RecursiveTextSplitter 1.0.1
See the version list below for details.
dotnet add package RecursiveTextSplitter --version 1.0.1
NuGet\Install-Package RecursiveTextSplitter -Version 1.0.1
<PackageReference Include="RecursiveTextSplitter" Version="1.0.1" />
<PackageVersion Include="RecursiveTextSplitter" Version="1.0.1" />
<PackageReference Include="RecursiveTextSplitter" />
paket add RecursiveTextSplitter --version 1.0.1
#r "nuget: RecursiveTextSplitter, 1.0.1"
#:package RecursiveTextSplitter@1.0.1
#addin nuget:?package=RecursiveTextSplitter&version=1.0.1
#tool nuget:?package=RecursiveTextSplitter&version=1.0.1
RecursiveTextSplitter User Guide
Overview
The RecursiveTextSplitter is a C# library that provides intelligent text splitting functionality with semantic awareness.
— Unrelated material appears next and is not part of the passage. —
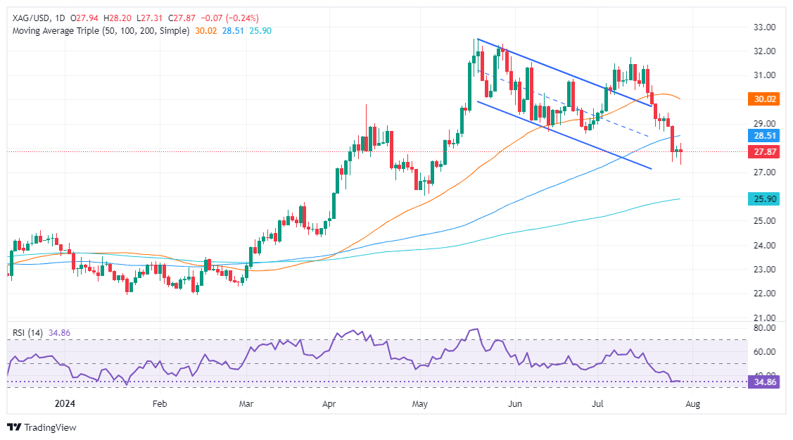 Silver's price tumbled below the 100-day moving average (DMA) at $28.49, opening the door for lower spot prices. Momentum is bearish, as depicted by the Relative Strength Index (RSI), an indication that the non-yielding metal could test lower prices.

Unlike simple character-based splitting, this library attempts to preserve meaningful boundaries by using a hierarchical approach to text segmentation, from paragraph breaks down to character-level splitting as a last resort.
Key Features
- Semantic Awareness: Maintains natural text boundaries (paragraphs, sentences, words)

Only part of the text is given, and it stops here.